É, também, atitude igualitária, já que a imposição de comportamento antes referida dirige-se principal e fatalmente à mulher. Obstaculizando-se que a moral vigente seja imposta e usada como controle do comportamento feminino, estar-se-ia colaborando para a diminuição dos níveis de desigualdade (ainda) existentes (e de elevada proporção) entre os sexos.

Notas:

(1) O Código Criminal de 1830 distinguia a pena do estupro de conformidade com a qualidade moral do sujeito passivo. Assim, quando o crime fosse praticado contra mulher honesta era prevista a pena de prisão de tr,ês a doze anos. Em se tratando de prostituta, a sanção tornava-se bem mais branda: prisão de um mês a dois anos.

(2) De lá para cá se registra somente duas alterações de relevo: 1.ª) Lei 10.224/01, que criou o tipo penal de assédio sexual; 2.ª) Lei 11.106/05, na qual se destaca: (a) exclusão da categoria mulher honesta; (b) descriminalização do tipo penal de sedução; (c) descriminalização do tipo penal do rapto consensual; (d) exclusão do aumento de pena em razão do agente ser casado; e) ampliação do delito de trafico internacional, que “de mulheres” passou a ser “de pessoas”; (e) criação da figura do tráfico de pessoas interno; (f) revogação das causas de exclusão da punibilidade referentes ao casamento da ofendida e ao casamento da vítima com terceiro.

(3) Art. 229. Manter, por sua conta própria ou de terceiro, casa de prostituição ou lugar destinado a encontros para fim libidinoso, haja, ou não, intuito de lucro ou mediação direta do proprietário ou gerente: Pena reclusão, de dois a cinco anos, e multa.
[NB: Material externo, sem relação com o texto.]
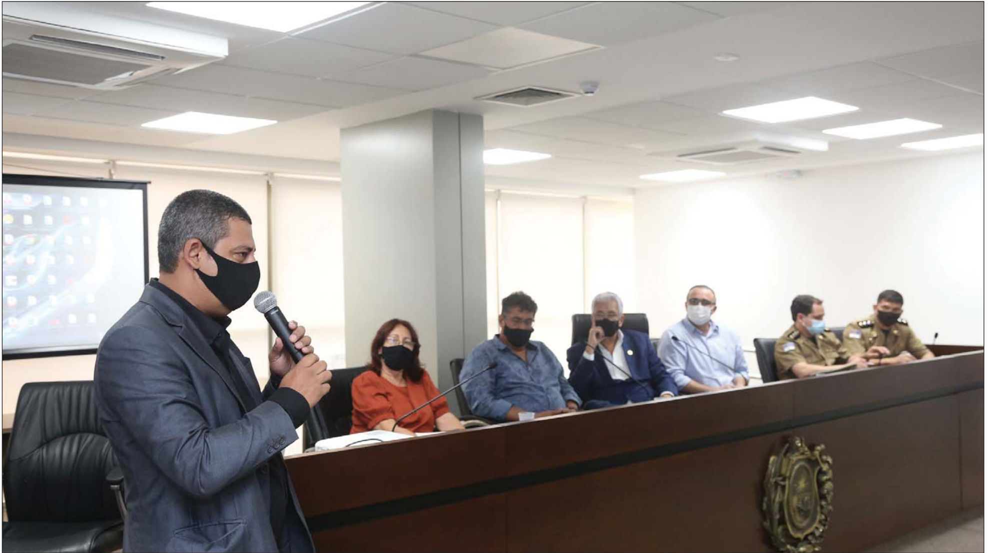
DISCUSSÃO - Colegiado de Administração Pública realizou encontro presencial na manhã de ontem, no auditório da Assembleia Legislativa
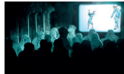
Mr Sand | Soetkin Versetegen | 2016

O cinema produzido e pensado para Guimarães encontra nestas sessões as orientações do Bando à Parte e do Cineclub de Guimarães.
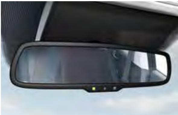
Automatisch abblendender Innenspiegel 1 . Bei Dunkelheit wird ein Blenden durch andere Fahrer automatisch verhindert.
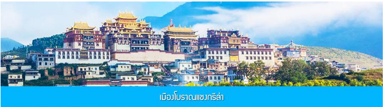
เมืองโบราณเซวกรี่ล่า
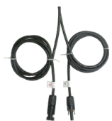
1,5m. de cable con conexión MC4
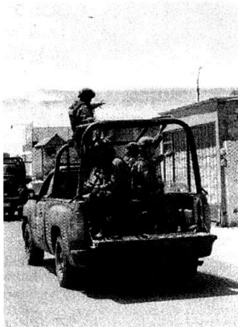
Guanajuato y Baja California son los estados más violentos en la actual gestión federal.

Manuel Espino / Misael Zavala / Alberto Morales
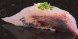
217 深海池魚 $48 Striped Jack シマアジ
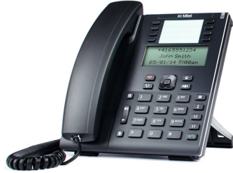
TÉLÉPHONE SIP MITEL 6865
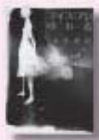
アイスマン。ゆれる かじおしんじ 梶尾真治 著 光文社
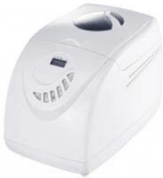
Produktfoto © Severin
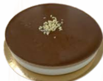
TARTA TRES CHOCOLATES 10/12 RACIONES 09101808
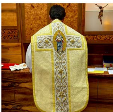
Fatimamesse - 13.10.25
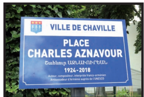
2019 La Place Charles Aznavour.
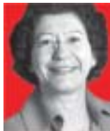
Deputada Arlete Sampaio

"O ano de 2005 foi, sem dúvidas, um ano difícil para nós, petistas. A onda de denúncias contra o Partido dos Trabalhadores, patrocinada por notórios praticantes de caixas dois e outras maracutaias, visa, fundamentalmente, enfraquecer o Governo Lula e levar o PT para a vala comum dos partidos tradicionais. Em 2006, precisamos renovar nossas esperanças, aprendendo com nossos erros e retomando o projeto de mudanças com as quais temos compromisso. Neste ano, o PT vai ter a chance de reconstruir suas relações com o povo brasileiro e brasileiro. Esse é o desafio que se coloca para todos nós".
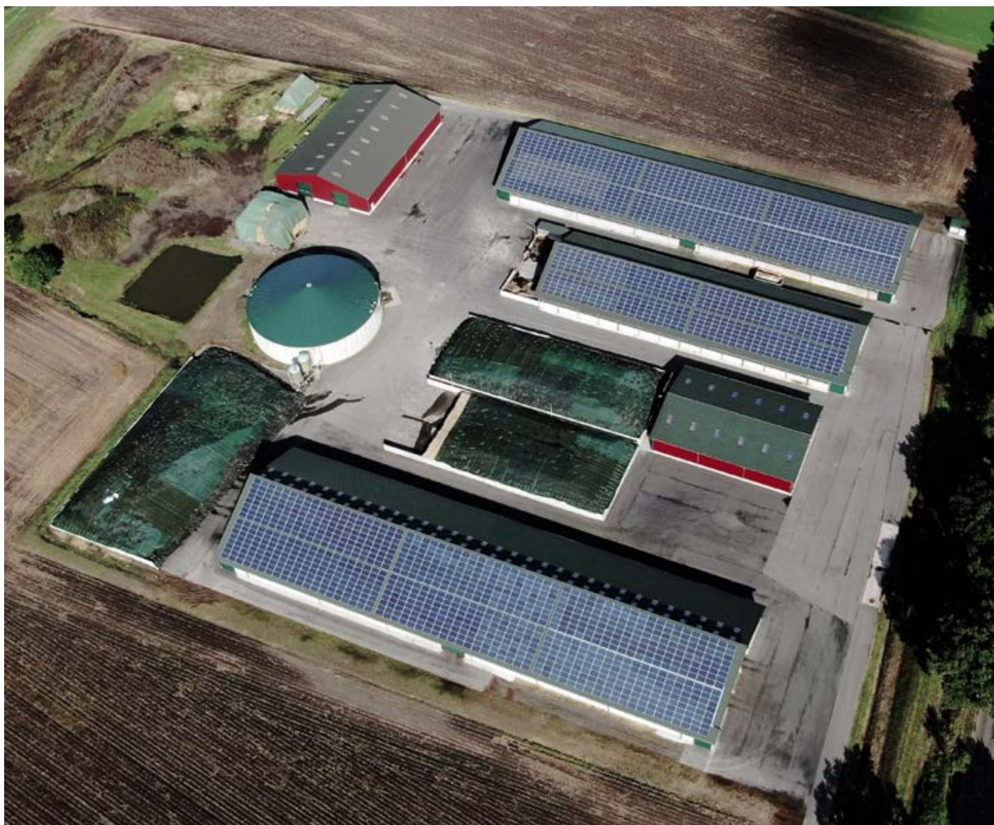
SUNFarm con un rendimiento de 669,76 kWp y 2392 módulos
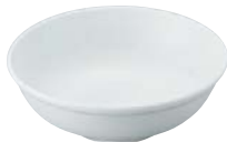
77303-088 6.5玉井 2,000円 (197×68mm)

Recentemente o STJ, julgando recurso do Ministério Público contra decisão do TJ-RS que absolvera três acusados de manter casa de prostituição, entendeu de reformar a decisão, fundamentando no argumento de que “o fato de haver tolerância ou indiferença na repressão criminal não significa que a conduta não está tipificada no Código Penal.” (REsp 820.406/RS)
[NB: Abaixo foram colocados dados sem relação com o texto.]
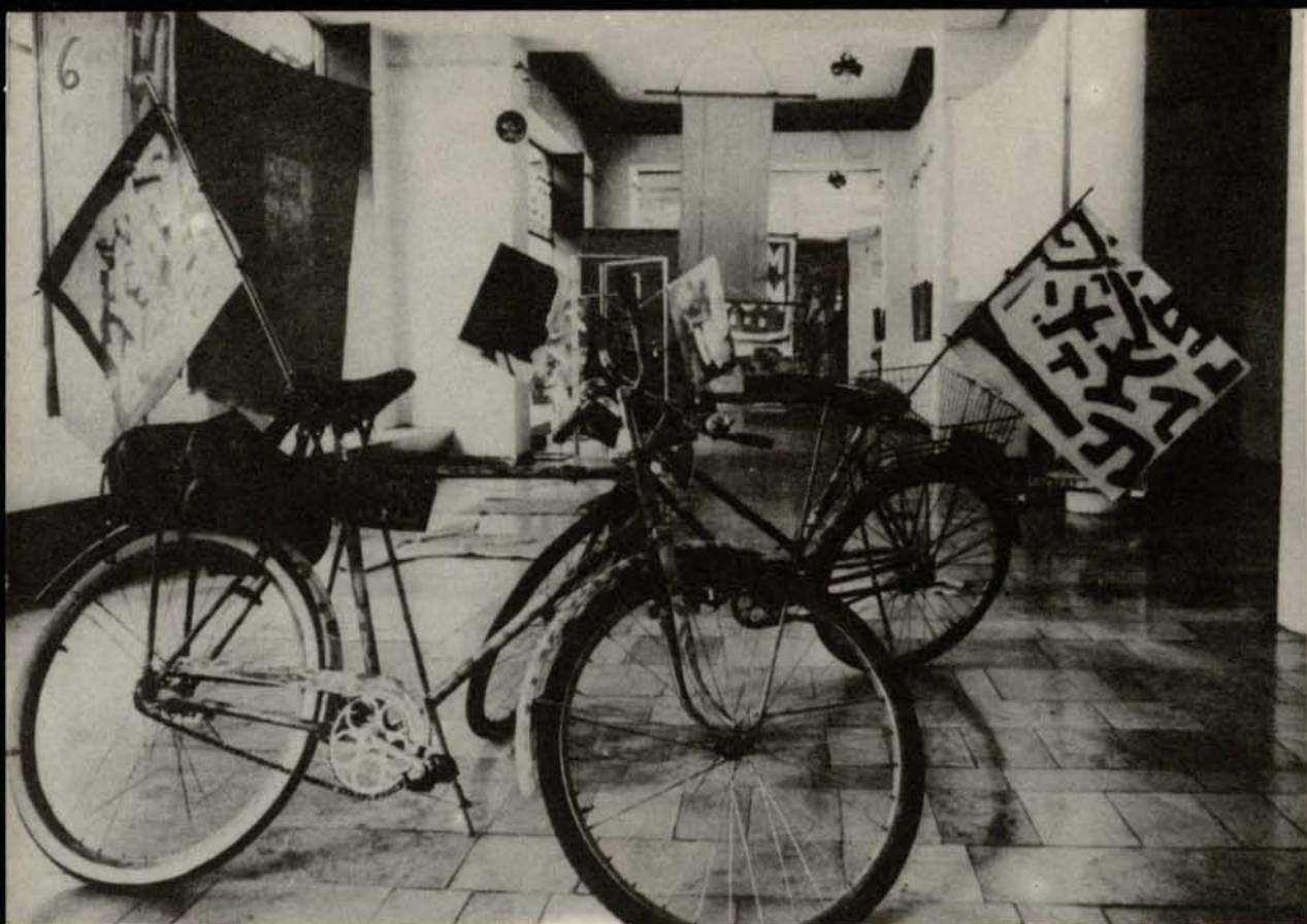
„Rowery” i „Sztandary” — „Mały Salon” BWA Wrocław
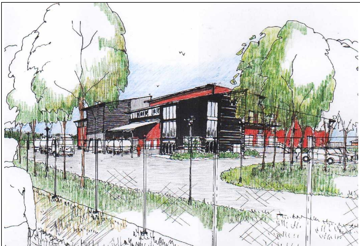
Vy från nordost, infarten från Bäcklösavägen i förgrunden.
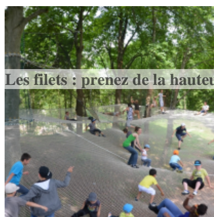
Les filets : prenez de la hauteur

(4) Art. 213. Constranger mulher à conjunção carnal, mediante violência ou grave ameaça: Pena reclusão, de seis a dez anos.

(5) Art. 157. Subtrair coisa móvel alheia, para si ou para outrem, mediante grave ameaça ou violência a pessoa, ou depois de havê-la, por qualquer meio, reduzido à impossibilidade de resistência.

(6) Art. 227. Induzir alguém a satisfazer a lascívia de outrem: Pena reclusão, de um a três anos.

(7) Art. 231. Promover, intermediar ou facilitar a entrada, no território nacional, de pessoa que venha a exercer a prostituição ou a saída de pessoa para exercê-la no estrangeiro: Pena reclusão, de três a oito anos, e multa.

(8) SILVA, Iara Ilgenfritz da. Direito ou punição?: representação da sexualidade feminina no Direito penal. v. 30. Porto Alegre : Movimento, 1985. p. 60.

(9) Manual de Direito penal brasileiro: parte geral. 7.ª ed. São Paulo : RT, 2007. p. 401-402.

(10) QUEIROZ, Paulo de Souza. Do caráter subsidiário do Direito penal. Belo Horizonte : Del Rey, 1998. p. 112.

Alice Bianchini é doutora em Direito Penal pela PUC/SP. Presidente do Ipan (Instituto Panamericano de Política Criminal e Coordenadora dos Cursos de Especialização TeleVirtuais da Uniderp/Rede LFG.